Next, we investigated different ways of combining information from multiple templates. Different models for combining information from multiple templates were compared using the likelihood of the independent test data under each model. One free parameter in the construction of these models is the weight on the Gaussian mixture term (Methods section), and different approaches for setting this parameter were investigated (Fig. 2, Methods). A model in which predictions were weighted equally was compared to models in which the weight was a function of the standard deviation. The number of templates used in prediction was varied along with the degree to which high-confidence (low-standard deviation) predictions dominated over low-confidence (high-standard deviation) predictions. The importance of preferentially up-weighting high-confidence predictions from different templates is illustrated in Figure 3 (panel A). For each aligned residue pair in the test set, the aligned templates were sorted based on their HHSearch e-values, and the top scoring alignments (x-axis) were selected for restraint derivation. If all alignments are considered as independent and equally likely (hatched bars), the joint probability of observing the test set becomes worse with increasing numbers of templates as poorer alignments contribute more and more noise. However, if the feature-dependent weighting described in Methods section is used to weight the contributions from different alignments (open bars), the likelihood of the test data improves as the number of alignments is increased. Beyond 10 alignments, there is little further improvement as the relative contribution from the poorer templates becomes very small.
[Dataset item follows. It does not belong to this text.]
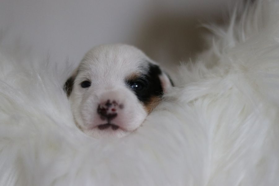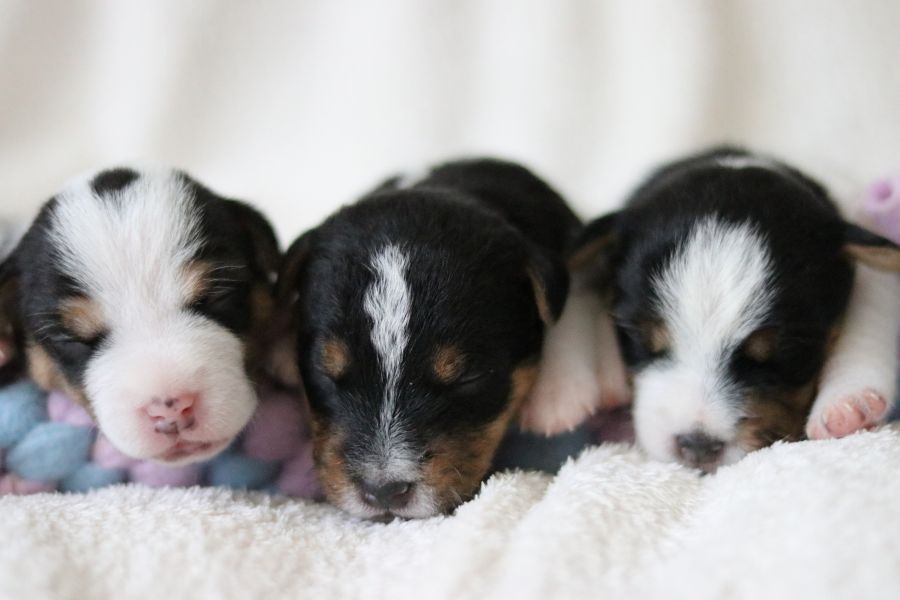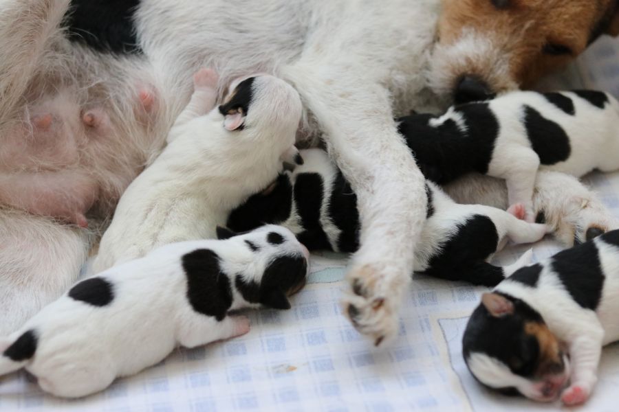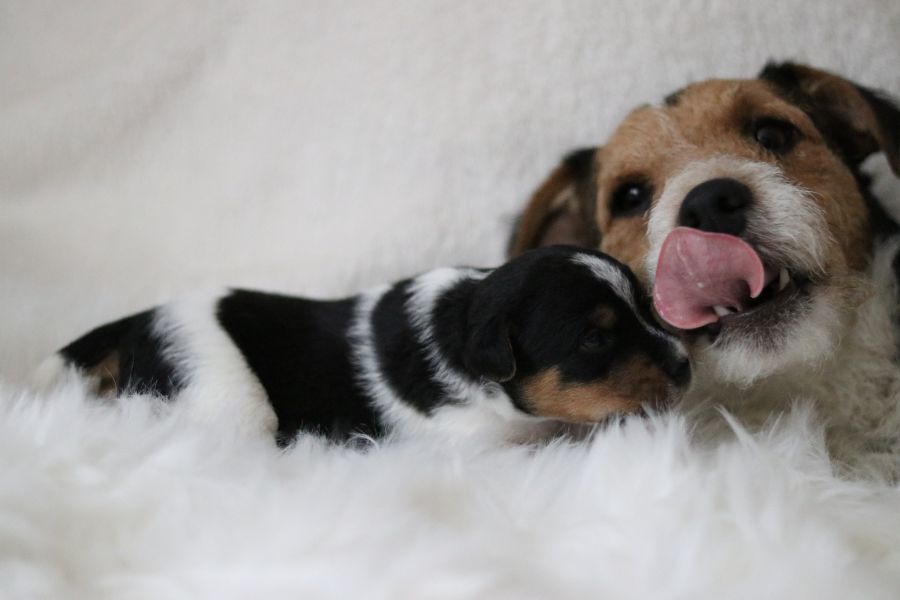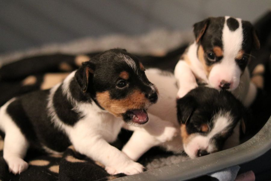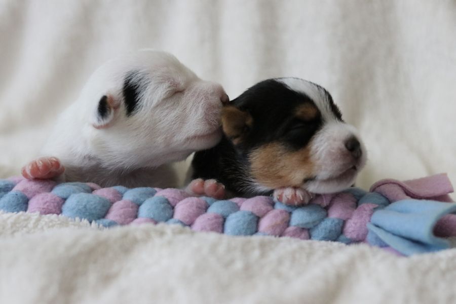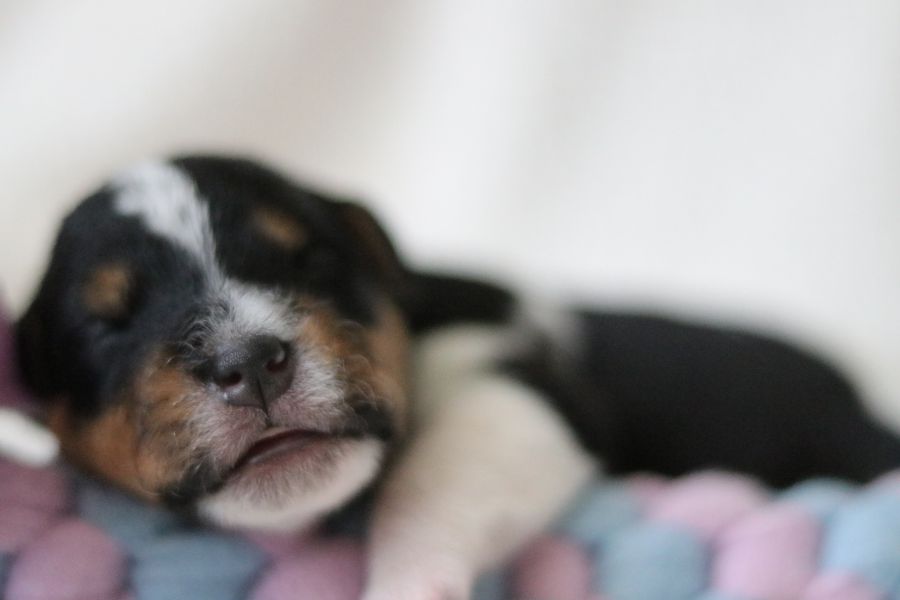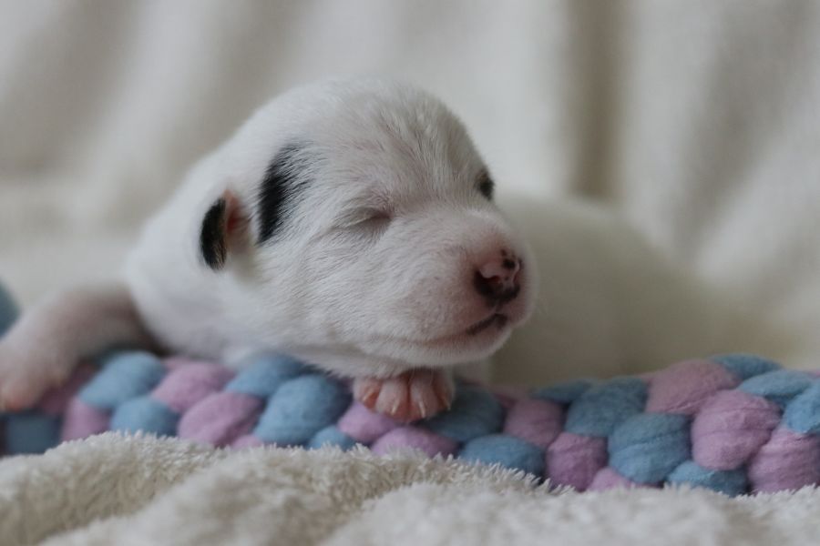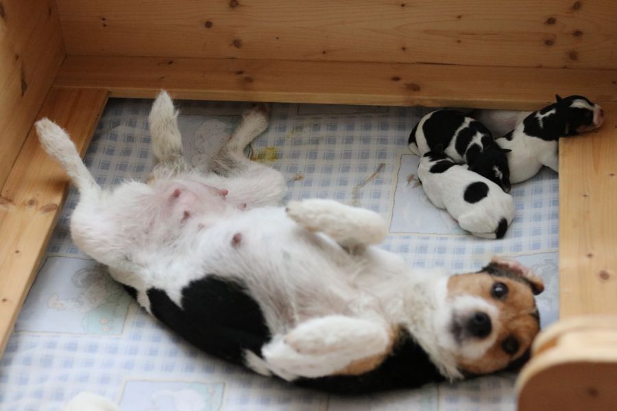 Myllys erster Wurf ist am Sonntag den 14. Juli zur Welt gekommen. In nur 65 Minuten brachte sie völlig problemlos 5 tolle Welpen zur Welt, 3 Hündinnen und 2 Rüden.

Use of the same set of features to determine both the weighting of the component Gaussians and their variances may appear to count these features twice. However, the two contributions are distinct: the weighting reflects the probability that a particular alignment is correct at the aligned pair of positions, while the variance reflects the breadth of the distributions expected for the residue pair if that alignment is correct. On the other hand, the mutual exclusivity assumption is obviously false, and weighting methods that take into account relatedness between template structures could perhaps yield improved predictions.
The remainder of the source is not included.